Месяц назад она еще дышала запахом океана, слушала чаек, бродила в летних туманах. Месяц назад имена Ждана, Ри Ги Чена, Гумама, тем более Солы Кнунянц были для нее всего лишь именами, так же как имя Гомера Хайдари. Сейчас эти люди сидели перед ней. Она их любила. Вместе с ними она дивилась, что заставляет либеров метаться, совершать непонятные поступки? Почему они вдруг уходят из городов? Почему они так внимательно прислушиваются к выступлениям доктора Чеди? Неужели им впрямь интереснее жить небольшими общинами, чем всем миром?
«Это странно, – подумала Зита, – жить, отключившись от МЭМ… Кто может заменить МЭМ? Кто может держать в голове управление всей планетой? А может, есть такие головы? – засомневалась она. – Надо спросить Ждана. Если либеры требуют отключения от МЭМ, значит, они знают еще какой-то способ всеобщего управления?»
Зита вздохнула счастливо.
Она нашла свое место.
Конечно, она с наслаждением выбежала бы сейчас на пустую террасу, перегнулась через прохладный каменный парапет, с ужасом и восторгом услышала чаек, увидела размах океана и Нору Лунину под сосной, а на руках волшебный ребенок…
У нее будет свой.
Она добьется членства в Родительском клубе. Ждан и Хриза Рууд ей помогут. Не могут не помочь. Они же видят глубину и искренность ее чувств. Если понадобится, она дойдет до самого МЭМ. Некоторые утверждают, что башенки Разума связаны с МЭМ напрямую.

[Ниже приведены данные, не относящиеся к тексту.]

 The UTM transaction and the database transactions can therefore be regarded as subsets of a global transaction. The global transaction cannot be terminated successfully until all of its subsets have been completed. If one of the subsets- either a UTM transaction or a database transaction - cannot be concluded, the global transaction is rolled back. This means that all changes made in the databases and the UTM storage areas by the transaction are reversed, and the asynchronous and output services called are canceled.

Она прислушалась к разговору и чуть не рассмеялась. Стоило ей подумать о башенках Разума, как Гумам заговорил о них.
– …Драму «Безумная» я написал в башенке Разума. Если хотите, я пошел в башенку Разума намеренно. Не очень приятна тишина, которая там стоит, вы знаете, но я заставил себя вслушаться, понять… И я понял… Я ощутил себя включенным в некий надмирный процесс… Я чувствовал себя одиноким, как сам Космос, и в то же время чувствовал каждого… Я внезапно осознал, как мы все еще слабы, как зависим от древних инстинктов… Отсюда образ «Безумной»…
– Но, Гумам, – заметил Гомер, – возможно, то же самое ты почувствовал бы где-нибудь на Озерах.

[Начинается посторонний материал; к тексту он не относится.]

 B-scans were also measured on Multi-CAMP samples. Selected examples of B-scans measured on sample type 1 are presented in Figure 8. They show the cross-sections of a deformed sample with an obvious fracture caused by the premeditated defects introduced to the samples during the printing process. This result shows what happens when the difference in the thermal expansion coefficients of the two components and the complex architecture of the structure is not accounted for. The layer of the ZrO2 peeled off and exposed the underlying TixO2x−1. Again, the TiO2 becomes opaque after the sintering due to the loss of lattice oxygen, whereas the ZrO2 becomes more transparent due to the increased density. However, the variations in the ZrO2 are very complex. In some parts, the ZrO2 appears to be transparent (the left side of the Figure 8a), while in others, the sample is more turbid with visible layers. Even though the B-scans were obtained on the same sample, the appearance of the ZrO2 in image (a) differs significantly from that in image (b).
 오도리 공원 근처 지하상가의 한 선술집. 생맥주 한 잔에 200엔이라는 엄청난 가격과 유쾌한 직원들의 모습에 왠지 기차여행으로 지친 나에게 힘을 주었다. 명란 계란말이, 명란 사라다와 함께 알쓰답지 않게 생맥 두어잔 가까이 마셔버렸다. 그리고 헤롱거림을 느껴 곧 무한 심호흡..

– Нет, нет, – возразил Гумам. – Это было совсем особое чувство.
– Влияние МЭМ? – Сола Кнунянц выглядела очень заинтересованной.
– Не знаю, трудно сказать… Мне кажется, что-то другое.
– А может, все это возникло в тебе из некоего тайного протеста? – неспешно заметил Ждан. – Как бы ни был хорош наш мир, он еще не совершенен, в нем постоянно что-то происходит. Мы не можем не прислушиваться к высказываниям доктора Чеди, какими бы странными они нам ни казались, не можем не замечать движение либеров… Сложность социальной жизни, на мой взгляд, для очень многих становится почти непосильной. Я понимаю либера Суси, когда он прыгает в пропасть, пусть даже и на специальных растяжках. Он полностью представляет все, что ему грозит. Я понимаю либеров, гневающихся на МЭМ. Они не могут представить всех его связей с нами, всего влияния на нас… Не отсюда ли эта странная боязнь людей заглядывать в башенки Разума? Согласитесь, они ведь пустуют, волна увлечения ими быстро прошла… А может, и впрямь в башенках Разума мы ближе к центральному Разуму? Почему бы нет, правда? Или, напротив, башенки Разума всего лишь еще одна контрольная система МЭМ… Не этого ли так опасаются те же либеры?… Мир меняется, очень меняется. Только за последнее время мы получили синтезатор, машину Мнемо, туманы запахов. Наконец, – он кивнул в сторону Гомера, – мы получили весомое доказательство в пользу того, что во Вселенной мы действительно не одиноки. Я имею в виду сирен, обнаруженных на планете Ноос… Может, либеры правы? Может, прав доктор Чеди? Может, наши целевые установки непоправимо меняются, средство становится целью? Почему бы не наслаждаться человеком как человеком, скульптурой как скульптурой, закатом как закатом, отказавшись от дальнейшего, такого сложного постижения? Почему искусство аналитической мысли и творчества де должно приносить наслаждение само по себе, вне зависимости от возможных материальных результатов? Ты возразишь мне, Гумам, что все это было, и мы уже не раз проходили сквозь игольное ушко самой узкой специализации, но именно это и доказывает, что идеи доктора Чеди – не пустые фразы…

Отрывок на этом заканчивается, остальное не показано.